This task aims to evaluate the automatic classification techniques for very short texts, i.e., Chinese news headlines. Each news headline (i.e., news title) is required to be classified into one or more predefined categories.

◇ Single Document Summarization

This task provides a dataset for single document summarization of Chinese news articles, to evaluate and compare different document summarization techniques.

◇ Emotional Conversation Generation

As a vital part of human intelligence, emotional intelligence is defined as the ability to perceive, integrate, understand, and regulate emotions. Though a variety of models have been proposed for conversation generation from large-scale social data, it is still quite challenging (and yet to be addressed) to generate emotional responses. In this shared task, participants are expected to generate Chinese responses that are not only appropriate in content but also adequate in emotion, which is quite important for building an empathic chatting machine. For instance, if user says “My cat died yesterday”, the most appropriate response may be “It’s so sad, so sorry to hear that”to express sadness, but also could be “Bad things always happen, I hope you will be happy soon” to express comfort.

◇ Open Domain Question Answering

Open domain QA evaluation includes three tasks, knowledge-based question answering (KBQA), document-based question answering (DBQA), and table-based question answering (TBQA). The task of KBQA is to answer Chinese factoid questions based on a given structured knowledge base. The task of DBQA is to answer Chinese questions by selecting one or multiple sentences from a given document as answers. In addition to the training and test sets released in NLPCC-ICCPOL 2016, this year, we will provide two new test sets for the above two tasks respectively. The task of TBQA is a totally new QA task, which aims to answer English questions by retrieving one or more tables from a table collection as answers. We hope our datasets and evaluation can promote the development of QA research in China.

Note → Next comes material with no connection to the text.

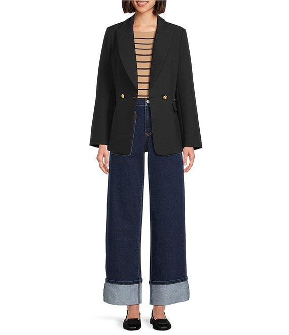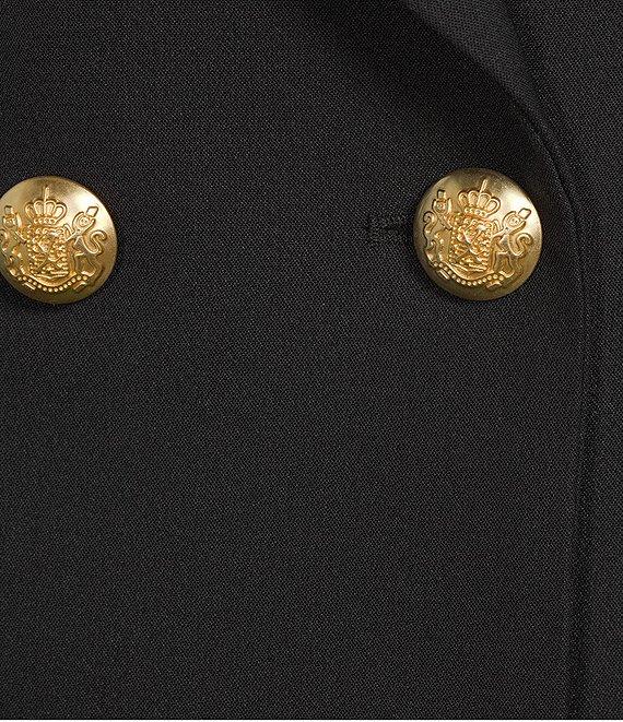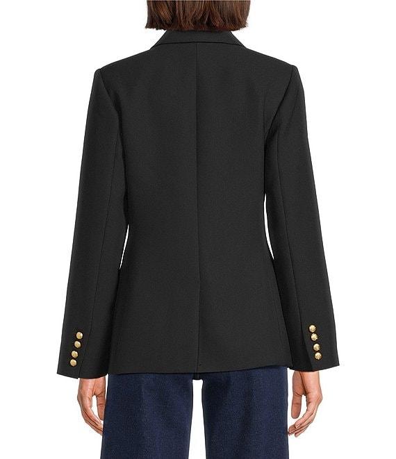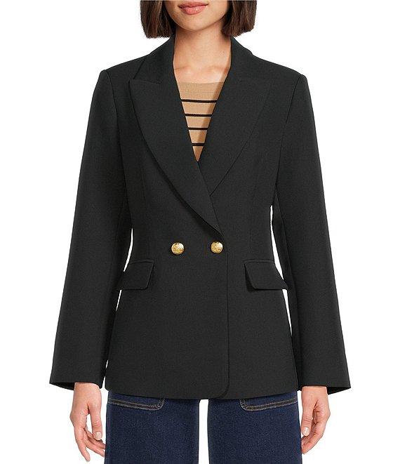 From Gibson & Latimer, this blazer features: Woven fabrication Double breasted silhouette Notch lapel collar Long sleeves Double front flat pockets Classic fit Fixed lining Straight hemline Mid length Embellished button front closure Approx. 27" HPS in length Polyester Professional dry cleaning only Imported. Dillard's Exclusive.

◇ Social Media User Modeling

User modeling on social media is essential for business decisions, such as user segmentation and targeting advertisement. Since user behavioral data on social media is heterogeneous, it’s still challenging to effectively leverage the heterogeneous information for user modeling. This task provides a social media dataset including the following heterogeneous information: users’ profiles (such as gender, age), social ties (following relationship), users’ tags, users’ published tweets, and users’ location visits. The user modeling task include the following two subtasks: 1) Interested Location Prediction, given users’ some historical location visits and other provided information, predict what locations a user is interested to visit in the future. 2) User Profiling, given users’ other information expect profiles, predict each user’s profile information.

2. How to Participate

Please fill out the registration form and send it to the coordinator Fang Liu(刘芳) by email (contact@nlpcc2017.info) before April 30, 2017.

If you have any question about the shared tasks, please do not hesitate to contact us by email.

3. Important dates

2017/3/6：announcement of shared tasks and call for participation;

2017/3/31：release of detailed task guidelines & sample data release;

2017/4/30：registration deadline;

2017/5/30：test data release;

2017/6/5：participants’ results submission deadline;

2017/6/15：evaluation results release and call for system reports and conference papers;

2017/7/15：conference paper submission deadline (only for shared tasks);

2017/8/20：conference paper accept/reject notification;